Frances Crowe writes simply about the watershed moments in her life. Through her husband Tom’s work on radiation, she learned of the dangers of Strontium 90, which showed up in cow’s milk after the United States began above-ground nuclear weapons testing. She bought powered milk manufactured before nuclear testing and thus free of the poisons. But her kids hated powered milk and no matter how she tried to dress is up with sugar or flavoring, they would not drink it.

“Finally, I realized that addressing the problem meant more than limited activity to my own family,” she writes. “I had to work for a political solution.”

From that moment, she worked to organize local anti-nuclear groups like a chapter of the National Committee for a Sane Nuclear Policy, or SANE (the local SANE split from the national organization when it required all chapters to sign anti-communist loyalty pledges). She continues anti-nuclear work, organizing to shut down Vermont Yankee, a nuclear power plant, and was arrested there in the summer of 2011. When asked how many times she had been arrested for anti-nuclear actions, she replied, “”Not enough … I don’t count. But I know I haven’t achieved what I’m trying to achieve.”

When the Vietnam War began, Frances visited draft counseling offices to see how she could help, but she saw counselors encouraging young men to lie or cheat their way out of the draft. Counselors advised them to pretend to be mentally unstable, drug addicts, or intent on self-harm. Frances did not like that. “I wanted to help them use the very best from within themselves” to resist the draft, she writes. She took out an ad in the local paper inviting people to her house for draft counseling, but no one came. So, she spent the day picking up hitchhikers and asking them “What are you going to do about the draft?” Armed with a mimeographed page of information and directions to her house, she writes that “I drove slow and talked fast.” By the end of the day, she had reached enough young men to establish her draft counseling office. She writes that from 1968 to 1969 — when she kept a weekly tally — there were 1,776 separate office visits (some men came back many times as Frances helped them with their conscientious objector claims).

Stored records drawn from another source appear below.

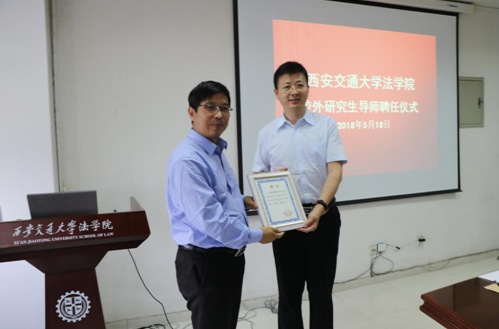 聘任仪式由李万强副院长主持。李万强副院长就西安交通大学bat365在线唯一官网登录的学科建设情况向几位校外导师作了的介绍。王保民书记代表学院为北京市康达(西安)律师事务所高级合伙人吕延峰、王小军、廉高波、王啸和白玉等五位律师颁发了聘书。王保民书记在致辞中向北京市康达(西安)律师事务所对bat365研究生培养工作的支持表达了诚挚的谢意,对今后双方能够建立起长效的合作机制表达了殷切的期望。王小军主任代表律师事务所对西安交通大学协同培养育人项目的设立对于法律专业人才培养发挥的作用给予了充分的肯定,并表示北京市康达(西安)律师事务所一定会全力配合学院的教学安排,力争为社会培养更多优秀的专业事务型法治人才。
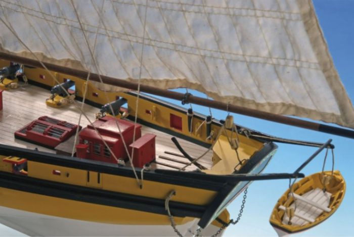 Nádherná drevená stavebnica neplávajúcej makety korzárskej lodi Le Renarda Roberta Surcoufa v mierke 1:50 od renomovanej firmy Artesanía Latina. Konštrukcia modelu využíva falošný kýl a rebrá, podobne ako je tomu u skutočnej lodi. Trup sa stavia klasickou technológiou plankovaním kostry. Stavebnica obsahuje presné laserom vyrezávané dielce z dreva a preglejky, dyhové pásky na oplankovanie paluby, mosadzné a liatinové príslušenstvo (napr. kotvy a kanóny), ušité plachty s autentickou štruktúrou, priadze, klinčeky a všetky ostatné stavebné materiály.
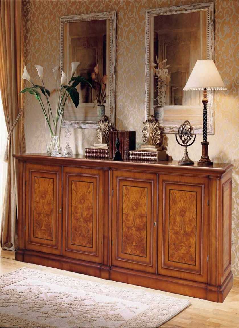 Длинные разновидности комодов многофункциональны, вместительны, имеют внушительные размеры. Здесь можно выделить место для хранения вещей, посуды и столовых принадлежностей. На сплошной столешнице можно установить различную аудио и видео аппаратуру.
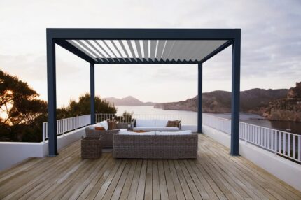 Pergola autoportée bioclimatique motorisée 4×3,5 m en aluminium – gris
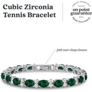 AFFORDABLE ROUND CUBIC ZIRCONIA AND OVAL SIMULATED EMERALD GEMSTONE WITH DIAMOND-LIKE BRILLIANCE: with gorgeous round CZ and emerald simulated gemstone accentuated by silver plated brass, this tennis bracelet will add a diamond-like brilliance to any outfits; go on, enjoy the radiance of CZ at only a fraction of the price of real diamonds and gemstones
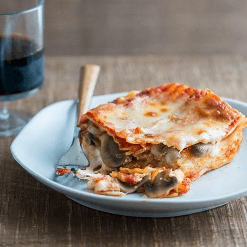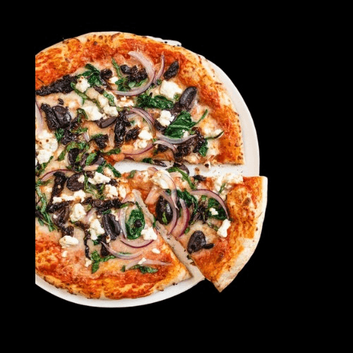 Gluten-free crust, Alfredo sauce, vegan mozzarella cheese, mushrooms, onions, tomatoes, spinach & mild beyond sausage
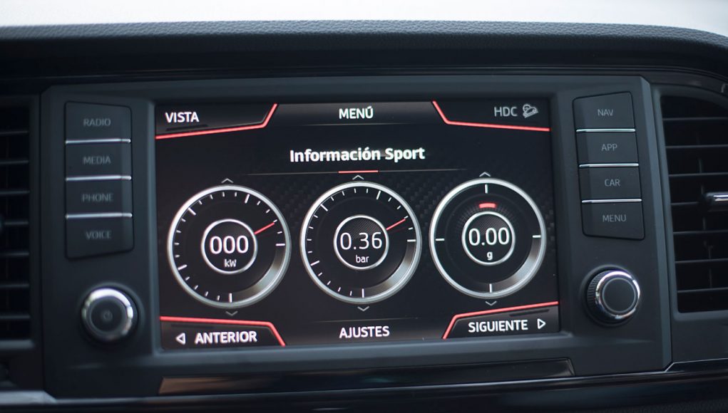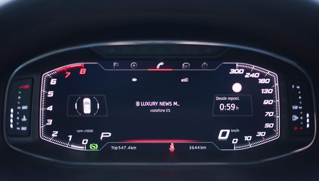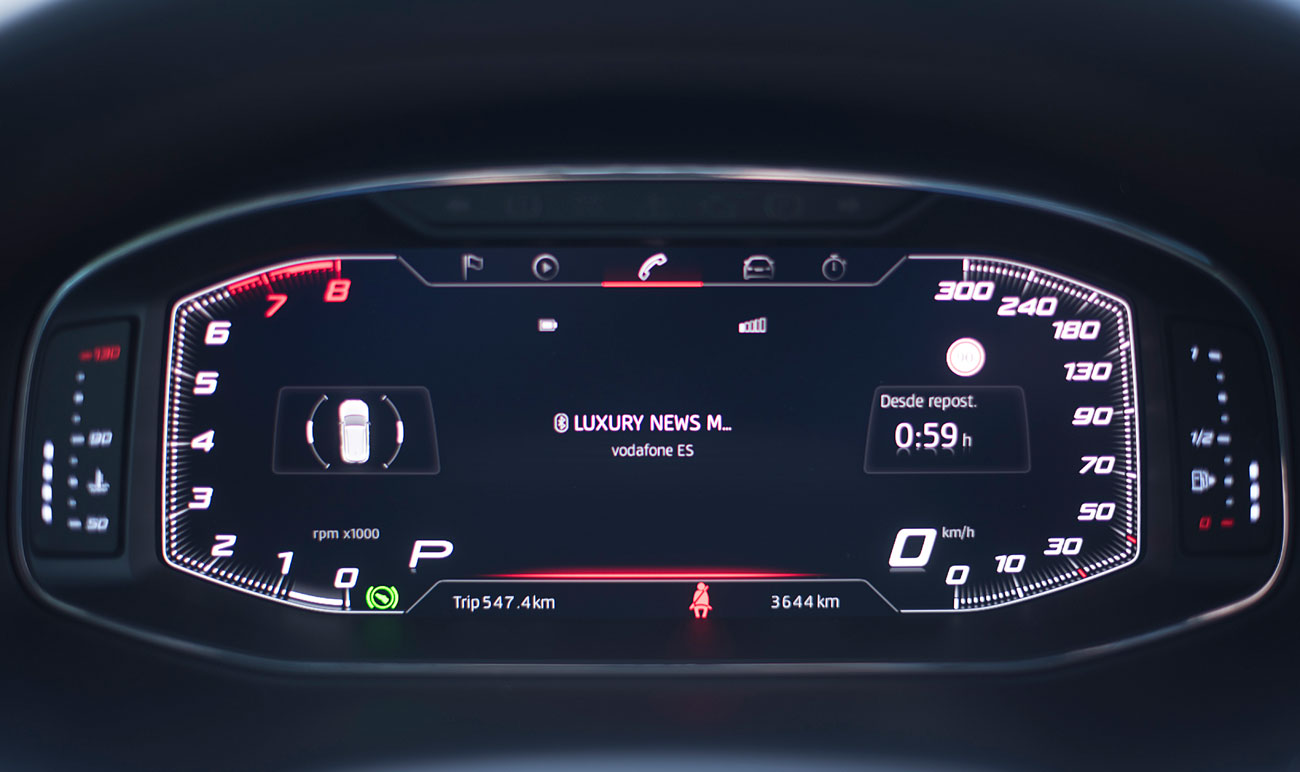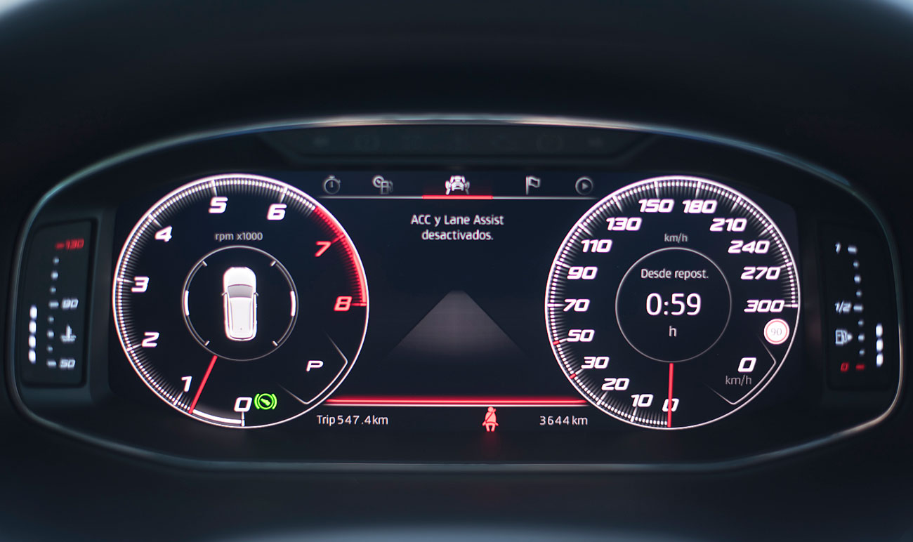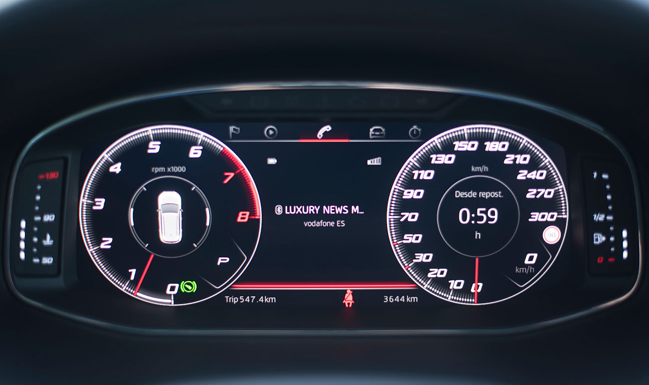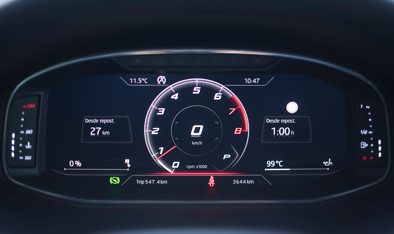El volante deportivo, dispone de la parte inferior achatada, e integra las levas para el manejo del cambio de forma secuencial. Tras este, encontramos el Digital Cockpit de 10”, que ya habíamos visto en Ateca, pero que en este modelo cuenta con unas grafías propias que enfatizan más si cabe su enfoque deportivo y que es totalmente personalizable por el conductor.

Her husband was supportive of this work, but if the young men stayed past 10 p.m. on Friday nights, he would begin pacing to try and move them along. Throughout the book, Frances’ love and admiration for Tom shines through. “He always said he was trying to understand the world and I was trying to change it,” she writes. People would jokingly call him “Mister Frances Crowe” because he was quiet and reserved, but Frances insists “he was living his life and I was living mine in a good and loving marriage — that is the most important thing in my life.” Tom died in May 1997.

Frances is short of stature, but long on steadfastness. I read this book looking for pointers, lessons and examples for how to sustain and nurture a lifetime of activism — and boy, did I find it. But, in addition to all of the inspiration and energy that I took away from her writing, I found two practical instructions: Be physical and be contemplative. Frances is an athlete. She writes of dancing and swimming and being physically active at all different stages of her life. She walks to do her errands and tries not to drive her “steel coffin.” She gardens and eats a simple, vegetarian diet. Frances seeks quiet. She and her family are Quakers and while it took her a long time to join the meeting, she values the discipline, writing, “When working for social change, it is easy enough to run ahead of the spirit and get out of tune with the other people. In the silent meeting for worship, you have a chance to get back in touch with important values.”

A few years ago, her grandson Tomas started a mini “Don’t Drive For Frances” campaign for her birthday (best present ever). Now, with her 96th right around the corner, join me in Walking With Frances on the Ides of March (and buy her book).